The Business, Energy and Industrial Strategy Committee, a select committee of the House of Commons in the UK Parliament, published the UK government’s response to the Committee’s report on the Future of Audit on 7 June. The key takeaway in summary is that the government’s response to many of the recommendations is that they are currently, or will shortly be, consulting on the issues raised in the BEIS Committee’s Future of Audit report.
Rachel Reeves MP, Chair of the BEIS Committee, said: “The collapse of Carillion and accounting scandals at Tesco, BT and Patisserie Valerie and others have provided a painful lesson that audit isn’t working. Businesses, investors, pension-holders and the public deserve better. Urgent audit reform is needed, not yet further consultation.
“The CMA (Competition and Markets Authority) and BEIS Committee’s extensive inquiries on audit proposed a range of practical recommendations to improve competition, tackle conflicts of interest and improve the culture of challenge in audit firms. Their response to our report suggests the government is in danger of kicking vital audit reforms into the long grass. We should not wait for the next corporate collapse. The government needs to ignore the lobbying of vested interests in audit and set out a clear timescale for delivering on the substance of the CMA and BEIS Committee’s recommendations”.
Reeves has written to Secretary of State Greg Clark to request the government set a deadline for the conclusion of this consultation process. The correspondence also calls on the government to state whether its intention is to consult on the implementation or the substance of the CMA and BEIS Committee proposals.
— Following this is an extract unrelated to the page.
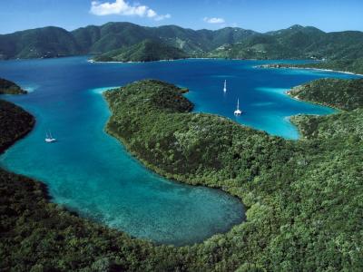 在圣约翰岛飓风穴、沿岸长满红树林的海湾是33个珊瑚物种的避风港。 Photograph b...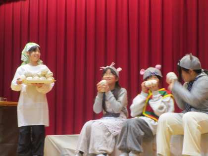 6年生 読書フェスティバル 公開日 2024/11/15 更新日 2024/11/17 6年生 杉の子劇団が「十五夜のお客さま」の劇を披露しました。毎朝、せりふの言い方や動きを練習し、見ている人みんなに楽しんでもらえるようにがんばってきました。本番前はとても緊張していたようでしたが、それを感じさせないのびのびとした演技ができました。また、劇の最後には小道具をつくったメンバーも紹介しました。発表後はどの子供も、「やってよかった」「楽しかった」と笑顔で話していました。

The BEIS Committee’s report was published on 2 April and endorsed the CMA’s proposed operational split between audit and non-audit but argued that it may be necessary to go further with a structural break-up in order to tackle the conflicts of interest in the audit market and ensure the professional scepticism needed to deliver high-quality audits.
In its response to the committee, the government said it had asked for an independent review into the quality and effectiveness of audit. This review, the response said: “…will look at audit as a product and what audit should be in the future. It will address the audit expectation gap: the difference between what people think audit does and what it actually does. It will also look at the scope of audit, any changes that may need to be made to it and how it can better serve the public interest.” A report based on this review is expected to be provided to the government by the end of this year.